PLink - Search Blog: 2007

Thursday, July 5, 2007

Web Design Made Easy

PLink - Search Engine, Blogging, Content Management, and more.

PLink API

PLink Blogs can now be implemented on your website with three lines of code, using the new PLink API. This means portions of your website can be created and edited as the sections of a PLink document, with all of the fancy pants editing features that go along with this: including Textile markup support, tables, images, bibliography entries, etc. Edit your blog on plink-search.com and sections of your site implementing the API will be instantly updated — no need to sift through HTML to find what you want to update, and PLink documents can be edited from any computer! (with your PLink login and password). Sections of a PLink document integrate seamlessly with your new or already established site, as with this example of a PLink document imported into Marie Alighieri’s website.

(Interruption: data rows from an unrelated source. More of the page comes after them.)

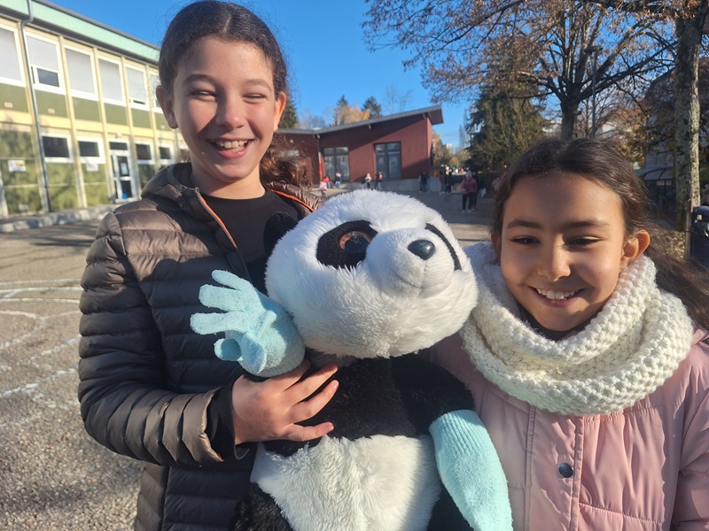 Sara et moi avons mis des gants pour Bambou car il vient de Chine, et nous nous sommes dit qu’il allait avoir froid. En effet, en Chine il fait chaud là-bas ! Donc nous avons mis des gants à Bambou.
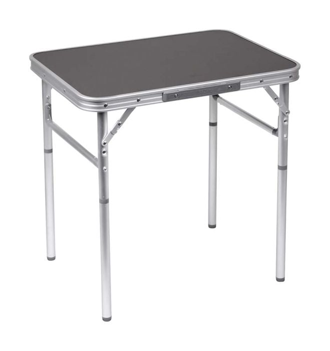 Une table de camping extrêmement stable. Cette table a des pieds amovibles et peut donc être pliée facilement et de manière compacte. Fabriqué en aluminium léger. Les pieds sont réglables en hauteur (25/60 cm) et disposent de vis de réglage pour un réglage précis. Replié (LxlxH) : 60x45x3,5 centimètres.
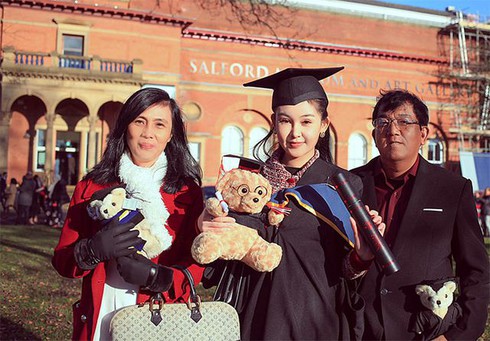 Lê Âu Ngân Anh rạng rỡ trong ngày được trao bằng thạc sĩ loại ưu tại Đại học Salford, thành phố Manchester, Anh Quốc
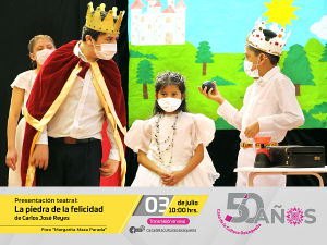La puesta en escena “La piedra de la felicidad” será presentada por el grupo representativo de teatro de la institución “Guel Navany”, esta agrupación se creó por Rocío Pacheco en el año 2004, originalmente con el nombre de Los Pinochos, actualmente es dirigido por el tallerista de la CCO, Hassael Tejada Hernández.

Example on mariealighieri.com

Using the PLink API your PLink Blog is imported one section at a time. The library is currently available in PHP. Java™ and Ruby versions will soon follow. An example of the PHP library follows:


  plinkInclude("username","password","Section Title");
  ?>

Where username and password are your Plink login information, and Section Title represents the name of one of the section in your Plink Blog.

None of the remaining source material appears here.